Gagasan tersebut disampaikan Maruarar saat menghadiri kegiatan di Lampung Selatan, Kamis. Menurutnya, langkah itu menjadi bagian dari upaya menjaga keseimbangan antara pembangunan perumahan dan kelestarian lingkungan.
“Kami mengapresiasi Real Estate Indonesia (REI) yang sudah ada komitmen untuk mendukung program pemerintah yang berkaitan tentang lingkungan, melalui gerakan penanaman satu juta pohon,” ujar Maruarar.
Pemerintah, kata dia, tengah menyiapkan kebijakan yang mewajibkan setiap pengembang menanam pohon di area depan rumah, baik untuk rumah subsidi maupun perumahan komersial. Aturan tersebut diharapkan mampu memperluas gerakan penghijauan secara masif di berbagai daerah.
“Kami sedang pikirkan dan persiapkan kebijakan setiap rumah baik itu komersial maupun subsidi harus ditanam di depannya oleh pengembang satu sampai dua pohon,” katanya.
Maruarar menjelaskan, program tersebut berpotensi memberikan dampak besar terhadap lingkungan. Dengan kuota pembangunan rumah subsidi yang mencapai ratusan ribu unit setiap tahun, jumlah pohon yang ditanam pun bisa meningkat signifikan.

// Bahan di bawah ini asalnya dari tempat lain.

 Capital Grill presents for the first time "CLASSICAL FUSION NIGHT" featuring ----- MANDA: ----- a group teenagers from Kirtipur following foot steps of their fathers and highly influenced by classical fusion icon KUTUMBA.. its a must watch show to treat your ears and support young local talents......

“Bila dihitung dari rumah subsidi satu tahun kuotanya 350 ribu unit, bila satu rumah tertanam satu pohon maka bisa 350 ribu pohon,” ucap dia.
Ia menambahkan, konsep pembangunan berwawasan lingkungan juga mulai diterapkan di Taman Kehati Lampung melalui pendekatan kearifan lokal Repong. Konsep tersebut tidak hanya berfokus pada penanaman pohon, tetapi juga menjaga habitat alami bagi berbagai jenis satwa.

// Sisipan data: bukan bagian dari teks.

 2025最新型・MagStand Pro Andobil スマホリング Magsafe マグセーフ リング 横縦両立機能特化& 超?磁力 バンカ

“Jadi itu nanti akan masif tertanam pohon-pohon, kalau setiap rumah bisa menanam pohon. Belum lagi ada sejarah dari masyarakat Lampung sendiri untuk melakukan penghijauan. Jadi di sini bukan hanya pohonnya tapi nanti hewan-hewan bisa ada di sini,” ujarnya.
Kebijakan tersebut diharapkan menjadi langkah konkret pemerintah dalam memperkuat pembangunan hijau sekaligus meningkatkan kualitas lingkungan di kawasan permukiman Indonesia.